ENTRIES SHOWN below:

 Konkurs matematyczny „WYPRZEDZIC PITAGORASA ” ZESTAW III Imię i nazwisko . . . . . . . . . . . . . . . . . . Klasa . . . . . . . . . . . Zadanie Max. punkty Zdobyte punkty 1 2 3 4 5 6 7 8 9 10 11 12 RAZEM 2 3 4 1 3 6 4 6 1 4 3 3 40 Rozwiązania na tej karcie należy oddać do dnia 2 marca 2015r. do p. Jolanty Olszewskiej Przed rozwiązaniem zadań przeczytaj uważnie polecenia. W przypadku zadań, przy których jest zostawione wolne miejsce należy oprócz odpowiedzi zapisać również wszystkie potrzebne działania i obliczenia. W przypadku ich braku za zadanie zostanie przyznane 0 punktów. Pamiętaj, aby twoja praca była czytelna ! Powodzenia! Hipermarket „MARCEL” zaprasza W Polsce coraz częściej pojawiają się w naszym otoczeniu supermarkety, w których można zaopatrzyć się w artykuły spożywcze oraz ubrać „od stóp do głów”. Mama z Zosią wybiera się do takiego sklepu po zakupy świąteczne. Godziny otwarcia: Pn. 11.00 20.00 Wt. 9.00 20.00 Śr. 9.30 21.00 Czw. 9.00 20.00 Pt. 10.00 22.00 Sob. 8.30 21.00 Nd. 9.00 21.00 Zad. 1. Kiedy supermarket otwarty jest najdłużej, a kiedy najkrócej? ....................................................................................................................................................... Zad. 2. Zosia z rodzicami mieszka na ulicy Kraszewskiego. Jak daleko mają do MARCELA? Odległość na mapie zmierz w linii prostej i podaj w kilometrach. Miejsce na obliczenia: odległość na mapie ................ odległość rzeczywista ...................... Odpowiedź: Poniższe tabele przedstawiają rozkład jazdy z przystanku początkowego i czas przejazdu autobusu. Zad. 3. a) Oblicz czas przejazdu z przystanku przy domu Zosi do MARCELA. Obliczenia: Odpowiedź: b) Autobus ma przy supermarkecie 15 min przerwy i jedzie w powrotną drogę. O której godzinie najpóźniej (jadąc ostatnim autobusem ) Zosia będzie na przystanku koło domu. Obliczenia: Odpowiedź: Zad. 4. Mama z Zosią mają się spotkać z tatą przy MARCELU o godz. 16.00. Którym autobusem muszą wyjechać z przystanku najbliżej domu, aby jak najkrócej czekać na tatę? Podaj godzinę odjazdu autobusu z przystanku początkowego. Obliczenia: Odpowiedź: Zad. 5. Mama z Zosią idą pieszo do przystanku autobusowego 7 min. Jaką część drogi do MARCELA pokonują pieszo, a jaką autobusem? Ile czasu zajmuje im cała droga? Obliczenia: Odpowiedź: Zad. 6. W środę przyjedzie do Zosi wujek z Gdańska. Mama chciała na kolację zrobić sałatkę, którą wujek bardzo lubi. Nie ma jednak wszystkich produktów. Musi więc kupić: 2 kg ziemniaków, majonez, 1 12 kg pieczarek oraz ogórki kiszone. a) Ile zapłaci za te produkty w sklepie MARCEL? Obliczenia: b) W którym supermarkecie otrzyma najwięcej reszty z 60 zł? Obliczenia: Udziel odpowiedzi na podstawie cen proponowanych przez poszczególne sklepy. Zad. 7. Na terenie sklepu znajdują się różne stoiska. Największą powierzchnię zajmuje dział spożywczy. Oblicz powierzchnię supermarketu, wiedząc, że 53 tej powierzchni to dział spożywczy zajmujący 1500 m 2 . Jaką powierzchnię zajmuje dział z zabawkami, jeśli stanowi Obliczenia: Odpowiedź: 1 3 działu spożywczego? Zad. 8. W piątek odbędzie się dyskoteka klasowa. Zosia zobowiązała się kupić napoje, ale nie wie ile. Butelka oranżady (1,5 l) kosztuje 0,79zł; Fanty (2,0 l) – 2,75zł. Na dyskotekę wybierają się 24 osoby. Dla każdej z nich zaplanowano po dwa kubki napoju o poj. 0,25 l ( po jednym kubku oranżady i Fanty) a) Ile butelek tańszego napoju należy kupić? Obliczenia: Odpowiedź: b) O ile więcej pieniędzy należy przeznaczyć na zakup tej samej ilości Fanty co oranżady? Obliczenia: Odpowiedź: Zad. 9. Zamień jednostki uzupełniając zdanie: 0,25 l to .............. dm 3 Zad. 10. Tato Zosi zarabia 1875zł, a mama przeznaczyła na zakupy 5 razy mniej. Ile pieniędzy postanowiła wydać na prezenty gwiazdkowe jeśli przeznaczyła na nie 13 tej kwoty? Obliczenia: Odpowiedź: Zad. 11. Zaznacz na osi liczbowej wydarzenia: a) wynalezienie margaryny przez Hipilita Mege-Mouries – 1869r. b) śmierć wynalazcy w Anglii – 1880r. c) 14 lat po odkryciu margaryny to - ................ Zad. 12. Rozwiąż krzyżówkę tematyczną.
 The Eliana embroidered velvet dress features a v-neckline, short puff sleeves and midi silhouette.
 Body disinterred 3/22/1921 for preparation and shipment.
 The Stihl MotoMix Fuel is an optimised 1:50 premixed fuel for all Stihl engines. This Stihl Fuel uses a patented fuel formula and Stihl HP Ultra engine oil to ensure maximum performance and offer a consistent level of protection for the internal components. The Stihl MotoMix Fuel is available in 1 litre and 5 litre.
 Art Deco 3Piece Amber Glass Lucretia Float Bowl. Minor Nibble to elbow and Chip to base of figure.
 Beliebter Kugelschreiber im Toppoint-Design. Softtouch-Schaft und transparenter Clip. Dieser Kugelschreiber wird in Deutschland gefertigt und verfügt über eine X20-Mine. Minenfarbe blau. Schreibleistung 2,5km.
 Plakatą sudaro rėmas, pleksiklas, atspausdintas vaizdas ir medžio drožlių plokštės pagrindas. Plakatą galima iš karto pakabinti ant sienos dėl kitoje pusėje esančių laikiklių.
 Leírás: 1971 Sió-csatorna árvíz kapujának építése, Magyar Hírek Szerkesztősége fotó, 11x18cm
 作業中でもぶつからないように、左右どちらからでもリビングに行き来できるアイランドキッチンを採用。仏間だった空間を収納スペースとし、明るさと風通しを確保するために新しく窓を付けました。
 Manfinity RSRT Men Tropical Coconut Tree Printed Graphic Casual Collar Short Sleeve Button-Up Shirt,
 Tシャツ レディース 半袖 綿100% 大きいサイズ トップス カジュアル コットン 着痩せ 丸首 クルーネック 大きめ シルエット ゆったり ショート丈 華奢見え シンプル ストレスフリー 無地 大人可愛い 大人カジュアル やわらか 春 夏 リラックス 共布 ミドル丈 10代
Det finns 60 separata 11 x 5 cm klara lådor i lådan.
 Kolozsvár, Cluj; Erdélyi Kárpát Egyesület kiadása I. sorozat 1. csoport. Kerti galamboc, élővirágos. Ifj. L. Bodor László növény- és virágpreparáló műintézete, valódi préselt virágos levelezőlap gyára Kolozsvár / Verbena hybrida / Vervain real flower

End of ENTRIES SHOWN.

- WHAT TO PRODUCE -
All the entries above need to be repeated word for word.

- REPLY TO THE EXERCISE -
 Konkurs matematyczny „WYPRZEDZIC PITAGORASA ” ZESTAW III Imię i nazwisko . . . . . . . . . . . . . . . . . . Klasa . . . . . . . . . . . Zadanie Max. punkty Zdobyte punkty 1 2 3 4 5 6 7 8 9 10 11 12 RAZEM 2 3 4 1 3 6 4 6 1 4 3 3 40 Rozwiązania na tej karcie należy oddać do dnia 2 marca 2015r. do p. Jolanty Olszewskiej Przed rozwiązaniem zadań przeczytaj uważnie polecenia. W przypadku zadań, przy których jest zostawione wolne miejsce należy oprócz odpowiedzi zapisać również wszystkie potrzebne działania i obliczenia. W przypadku ich braku za zadanie zostanie przyznane 0 punktów. Pamiętaj, aby twoja praca była czytelna ! Powodzenia! Hipermarket „MARCEL” zaprasza W Polsce coraz częściej pojawiają się w naszym otoczeniu supermarkety, w których można zaopatrzyć się w artykuły spożywcze oraz ubrać „od stóp do głów”. Mama z Zosią wybiera się do takiego sklepu po zakupy świąteczne. Godziny otwarcia: Pn. 11.00 20.00 Wt. 9.00 20.00 Śr. 9.30 21.00 Czw. 9.00 20.00 Pt. 10.00 22.00 Sob. 8.30 21.00 Nd. 9.00 21.00 Zad. 1. Kiedy supermarket otwarty jest najdłużej, a kiedy najkrócej? ....................................................................................................................................................... Zad. 2. Zosia z rodzicami mieszka na ulicy Kraszewskiego. Jak daleko mają do MARCELA? Odległość na mapie zmierz w linii prostej i podaj w kilometrach. Miejsce na obliczenia: odległość na mapie ................ odległość rzeczywista ...................... Odpowiedź: Poniższe tabele przedstawiają rozkład jazdy z przystanku początkowego i czas przejazdu autobusu. Zad. 3. a) Oblicz czas przejazdu z przystanku przy domu Zosi do MARCELA. Obliczenia: Odpowiedź: b) Autobus ma przy supermarkecie 15 min przerwy i jedzie w powrotną drogę. O której godzinie najpóźniej (jadąc ostatnim autobusem ) Zosia będzie na przystanku koło domu. Obliczenia: Odpowiedź: Zad. 4. Mama z Zosią mają się spotkać z tatą przy MARCELU o godz. 16.00. Którym autobusem muszą wyjechać z przystanku najbliżej domu, aby jak najkrócej czekać na tatę? Podaj godzinę odjazdu autobusu z przystanku początkowego. Obliczenia: Odpowiedź: Zad. 5. Mama z Zosią idą pieszo do przystanku autobusowego 7 min. Jaką część drogi do MARCELA pokonują pieszo, a jaką autobusem? Ile czasu zajmuje im cała droga? Obliczenia: Odpowiedź: Zad. 6. W środę przyjedzie do Zosi wujek z Gdańska. Mama chciała na kolację zrobić sałatkę, którą wujek bardzo lubi. Nie ma jednak wszystkich produktów. Musi więc kupić: 2 kg ziemniaków, majonez, 1 12 kg pieczarek oraz ogórki kiszone. a) Ile zapłaci za te produkty w sklepie MARCEL? Obliczenia: b) W którym supermarkecie otrzyma najwięcej reszty z 60 zł? Obliczenia: Udziel odpowiedzi na podstawie cen proponowanych przez poszczególne sklepy. Zad. 7. Na terenie sklepu znajdują się różne stoiska. Największą powierzchnię zajmuje dział spożywczy. Oblicz powierzchnię supermarketu, wiedząc, że 53 tej powierzchni to dział spożywczy zajmujący 1500 m 2 . Jaką powierzchnię zajmuje dział z zabawkami, jeśli stanowi Obliczenia: Odpowiedź: 1 3 działu spożywczego? Zad. 8. W piątek odbędzie się dyskoteka klasowa. Zosia zobowiązała się kupić napoje, ale nie wie ile. Butelka oranżady (1,5 l) kosztuje 0,79zł; Fanty (2,0 l) – 2,75zł. Na dyskotekę wybierają się 24 osoby. Dla każdej z nich zaplanowano po dwa kubki napoju o poj. 0,25 l ( po jednym kubku oranżady i Fanty) a) Ile butelek tańszego napoju należy kupić? Obliczenia: Odpowiedź: b) O ile więcej pieniędzy należy przeznaczyć na zakup tej samej ilości Fanty co oranżady? Obliczenia: Odpowiedź: Zad. 9. Zamień jednostki uzupełniając zdanie: 0,25 l to .............. dm 3 Zad. 10. Tato Zosi zarabia 1875zł, a mama przeznaczyła na zakupy 5 razy mniej. Ile pieniędzy postanowiła wydać na prezenty gwiazdkowe jeśli przeznaczyła na nie 13 tej kwoty? Obliczenia: Odpowiedź: Zad. 11. Zaznacz na osi liczbowej wydarzenia: a) wynalezienie margaryny przez Hipilita Mege-Mouries – 1869r. b) śmierć wynalazcy w Anglii – 1880r. c) 14 lat po odkryciu margaryny to - ................ Zad. 12. Rozwiąż krzyżówkę tematyczną.
 The Eliana embroidered velvet dress features a v-neckline, short puff sleeves and midi silhouette.
 Body disinterred 3/22/1921 for preparation and shipment.
 The Stihl MotoMix Fuel is an optimised 1:50 premixed fuel for all Stihl engines. This Stihl Fuel uses a patented fuel formula and Stihl HP Ultra engine oil to ensure maximum performance and offer a consistent level of protection for the internal components. The Stihl MotoMix Fuel is available in 1 litre and 5 litre.
 Art Deco 3Piece Amber Glass Lucretia Float Bowl. Minor Nibble to elbow and Chip to base of figure.
 Beliebter Kugelschreiber im Toppoint-Design. Softtouch-Schaft und transparenter Clip. Dieser Kugelschreiber wird in Deutschland gefertigt und verfügt über eine X20-Mine. Minenfarbe blau. Schreibleistung 2,5km.
 Plakatą sudaro rėmas, pleksiklas, atspausdintas vaizdas ir medžio drožlių plokštės pagrindas. Plakatą galima iš karto pakabinti ant sienos dėl kitoje pusėje esančių laikiklių.
 Leírás: 1971 Sió-csatorna árvíz kapujának építése, Magyar Hírek Szerkesztősége fotó, 11x18cm
 作業中でもぶつからないように、左右どちらからでもリビングに行き来できるアイランドキッチンを採用。仏間だった空間を収納スペースとし、明るさと風通しを確保するために新しく窓を付けました。
 Manfinity RSRT Men Tropical Coconut Tree Printed Graphic Casual Collar Short Sleeve Button-Up Shirt,
 Tシャツ レディース 半袖 綿100% 大きいサイズ トップス カジュアル コットン 着痩せ 丸首 クルーネック 大きめ シルエット ゆったり ショート丈 華奢見え シンプル ストレスフリー 無地 大人可愛い 大人カジュアル やわらか 春 夏 リラックス 共布 ミドル丈 10代
Det finns 60 separata 11 x 5 cm klara lådor i lådan.
 Kolozsvár, Cluj; Erdélyi Kárpát Egyesület kiadása I. sorozat 1. csoport. Kerti galamboc, élővirágos. Ifj. L. Bodor László növény- és virágpreparáló műintézete, valódi préselt virágos levelezőlap gyára Kolozsvár / Verbena hybrida / Vervain real flower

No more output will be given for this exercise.